Prefer the purchase of whole pistachios, with the shell still protecting them or at least with their purplish peel, the intact ones can be placed in a cool and dry place for several months, the shelled ones are preferable to collect them in an airtight container and store them in the refrigerator to prevent them from going rancid.

Here are some ideas to enrich your pistachio diet:

  • Add a spoonful of pistachios to your mixed salad, you will enrich it with taste, color and health;
  • A simple vegetable sauce will not be boring at all if you add some pistachios during cooking;
  • You can chop them and make your fresh fruit salad crunchy (you will also lower the glycemic index);
  • Not just oily seeds, try adding pistachios to the bread you prepare at home;
  • Those with a sweet tooth can add pistachios to yogurt or ice cream.

Furthermore, a fantastic oil can be extracted from pistachio, ideal for those with particularly dry skin, it can also be used as a “base oil” in aromatherapy and cosmetics.

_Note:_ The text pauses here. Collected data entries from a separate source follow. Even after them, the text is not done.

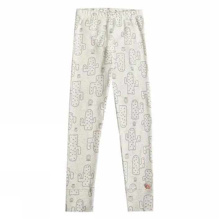 Leggings større børn cremefarvet økologisk bomuld med kaktusprint
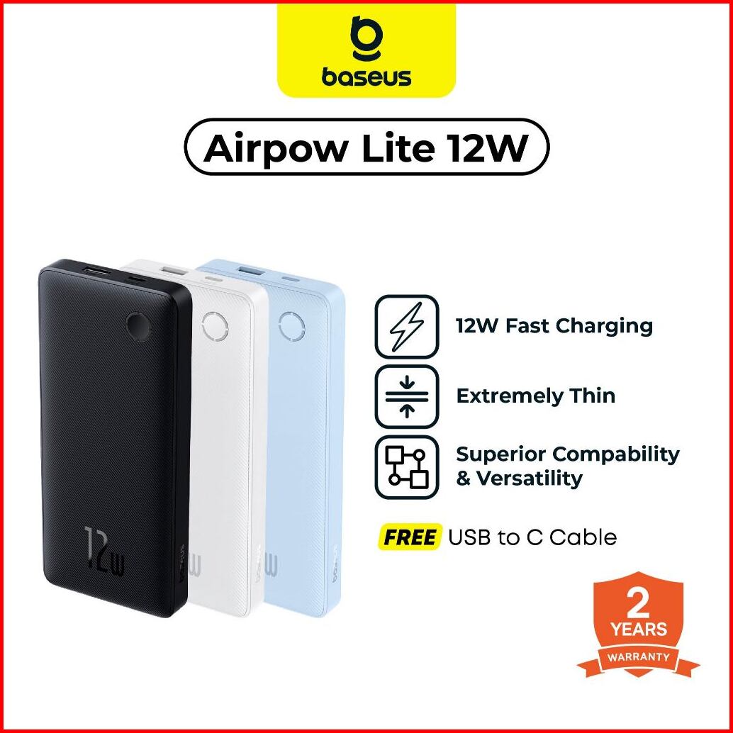 Baseus Powerbank Airpow 10000mah 12w Fast Charging 3a Cable Usb To Type-c Power Bank
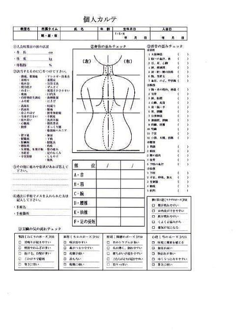 このカルテに首から足までの歪みをペアでチェックして書き込んでいきます。
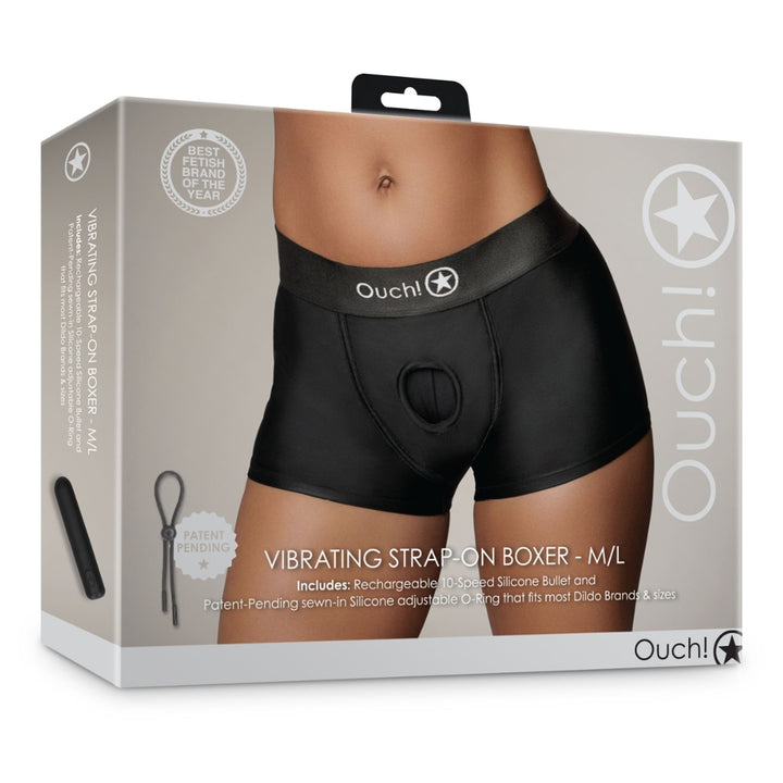 Shots Ouch! Vibrating Strap On Boxer - Black
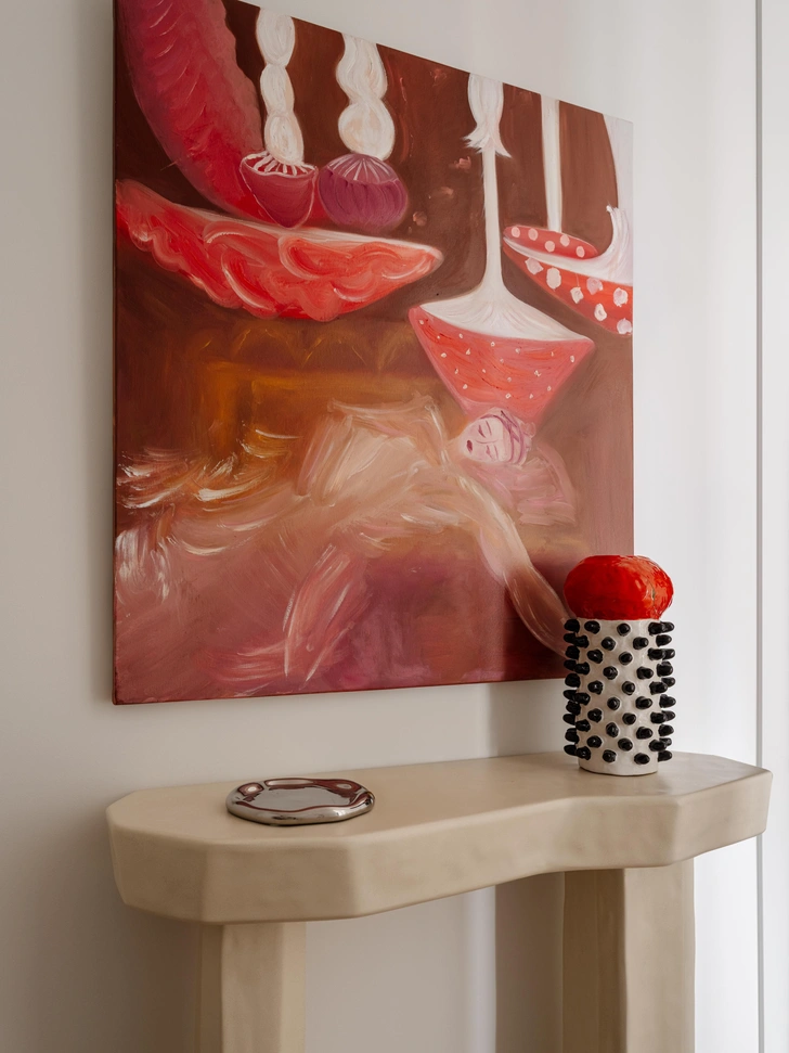 Картина на винтажной тумбе «Сюрприз XI», галерея «Виктория». Винтажный комод, Beke Gallery. Лампа на комоде, Nessino Artimide, GK Concept.
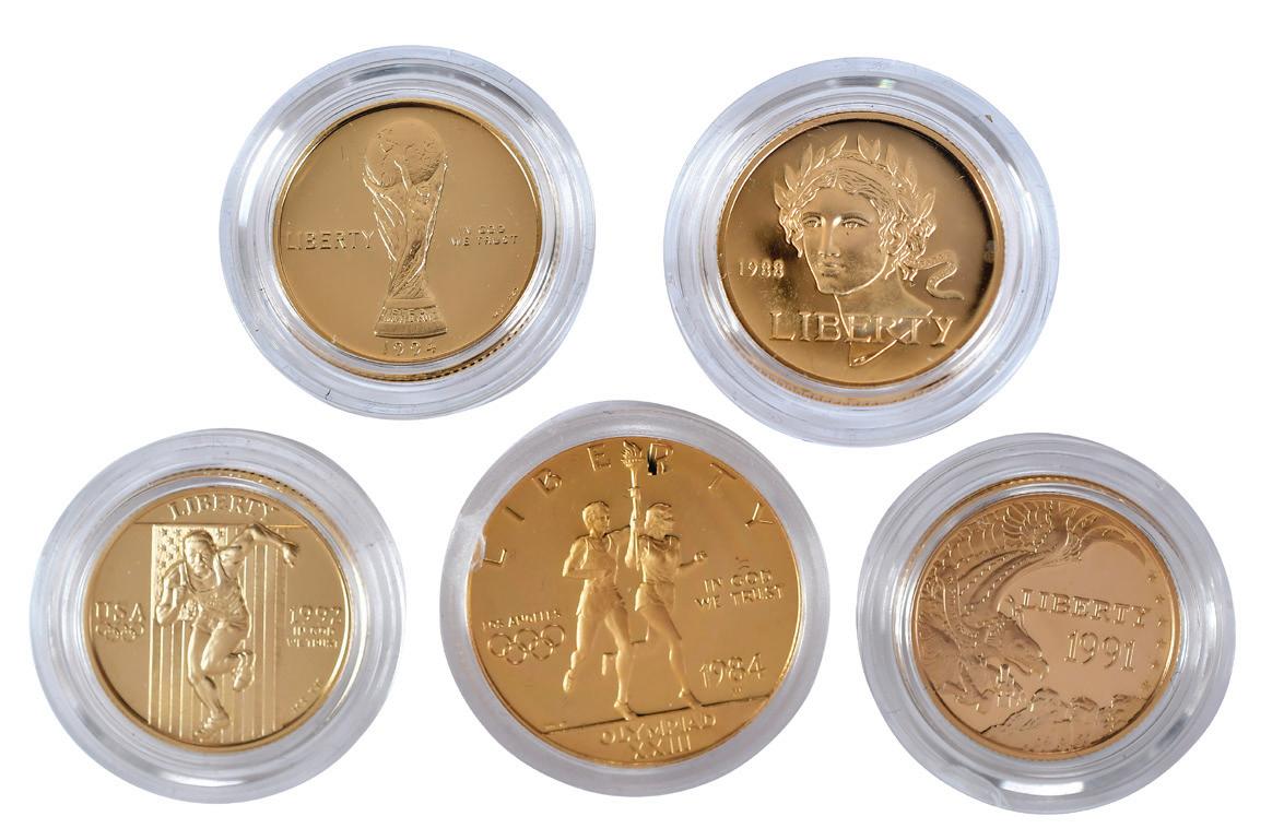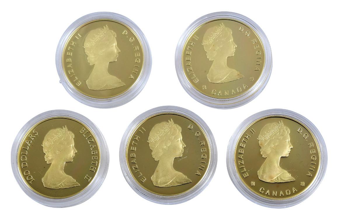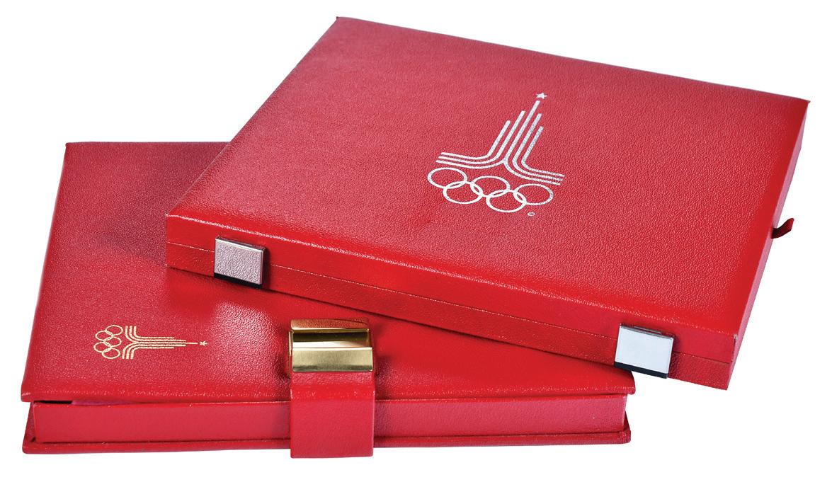 Russian Olympic Gold Set, Six 100 Rouble Coins 1980 Moscow Olympics; 100 Roubles face value; each coin one-half ounce of gold, new, in original packaging
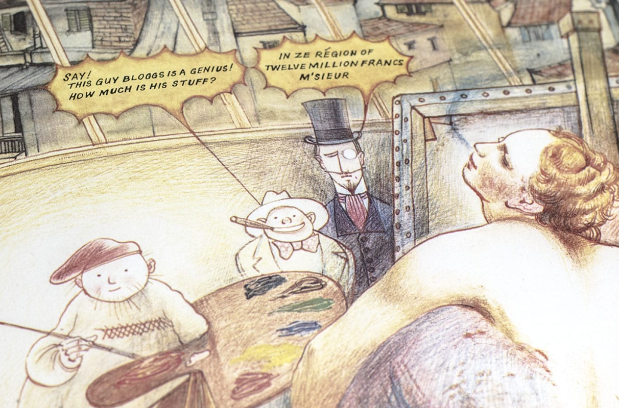 English illustrator Raymond Briggs is best known in Britain for his 'books without words', told entirely though full color illustrations. Later in his career, Briggs shifted his focus from charming children's tales to more somber adult-oriented stories including Gentleman Jim, the tale of a working class hero, and When the Wind Blows, a story confronting the horrors of nuclear war.
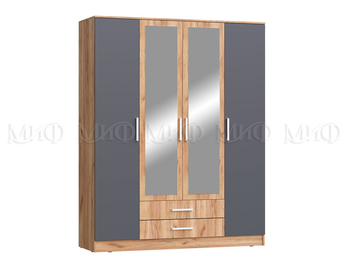 Шкаф для одежды 4-дверный Мартина Графит, Дуб крафт
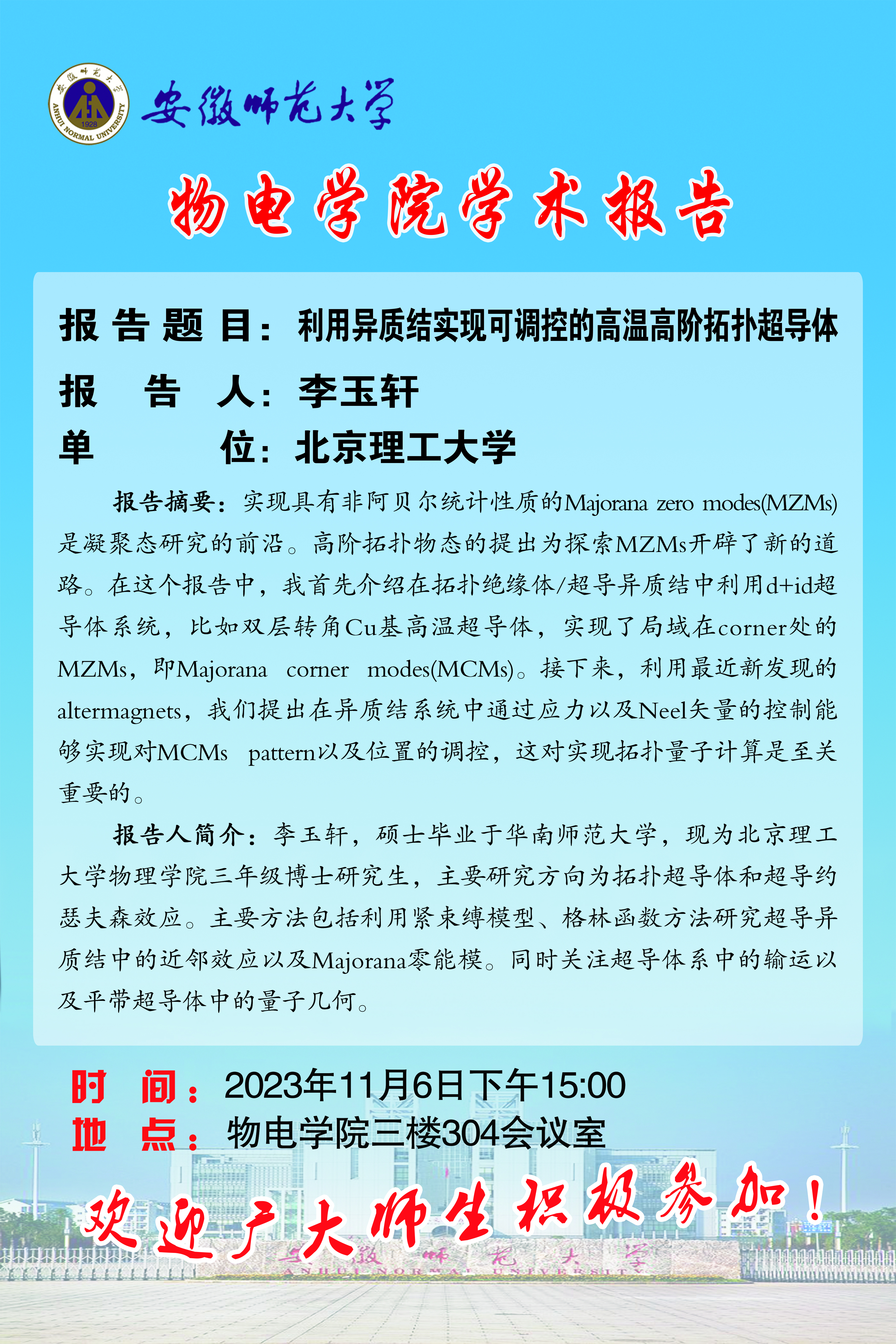 【学术预告·物电讲坛】李玉轩:利用异质结实现可调控的高温高阶拓扑超导体
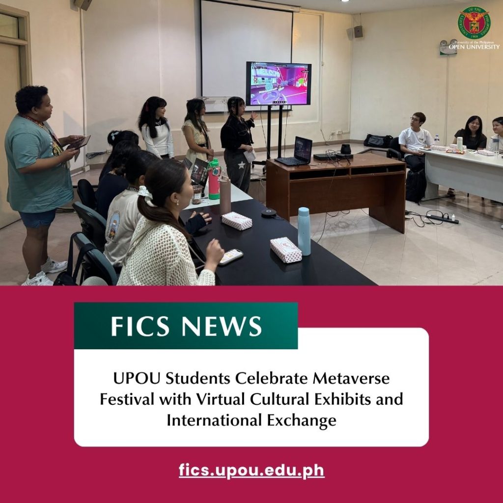 Students from the University of the Philippines Open University (UPOU) gathered on 8 May 2025–both onsite at the Multimedia Center Theater, UPOU-DICT Building, Diliman, Quezon City, and online via Zoom, to celebrate the Metaverse Festival—a two-day event that showcased student-led virtual cultural exhibits in an immersive digital environment.
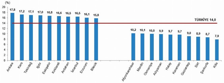 Dolaşım sistemi hastalıklarına bağlı ölüm oranının en düşük olduğu il ise yüzde 26,1 ile Kayseri oldu. Bu ili yüzde 27,4 ile İstanbul, yüzde 27,6 ile Kocaeli, yüzde 28,3 ile Muş ve Eskişehir izledi.
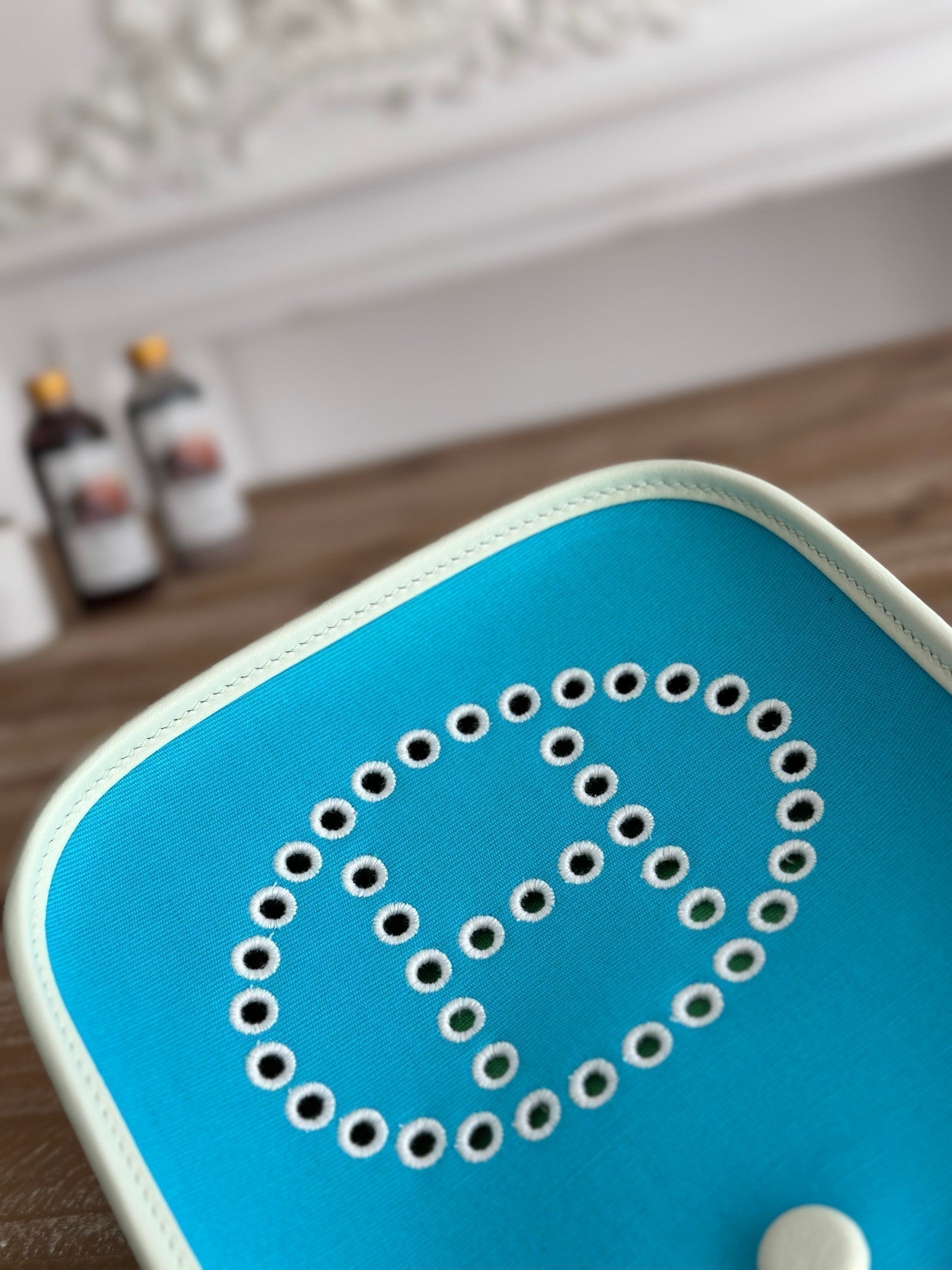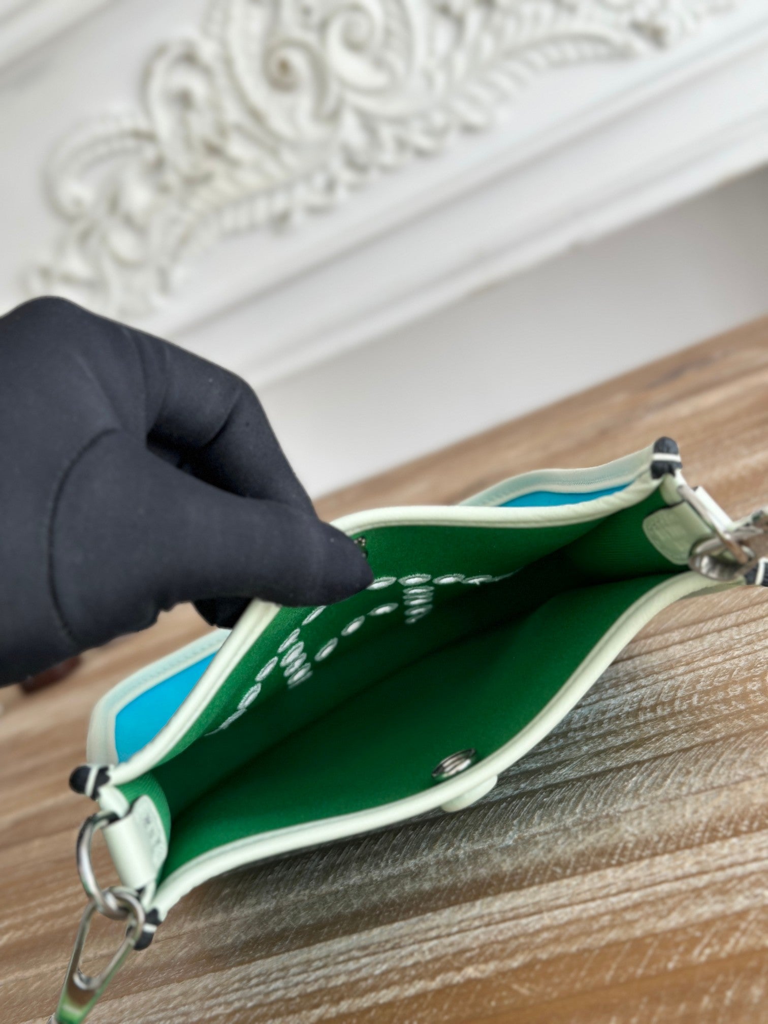 MINI NEO 17 EVELYNE BAG IN SKY BLUE CANVAS AND WHITE CALFSKIN

Pistachios: contraindications and potential negative effects

People allergic to peanuts must pay close attention to the consumption of pistachios, and cross-reactions with other related trees and fruits of the Anacardiaceae family such as mango can occur.

Reaction symptoms can range from simple itchy skin (hives) to severe anaphylactic manifestations, including difficulty breathing, abdominal pain, vomiting and diarrhea.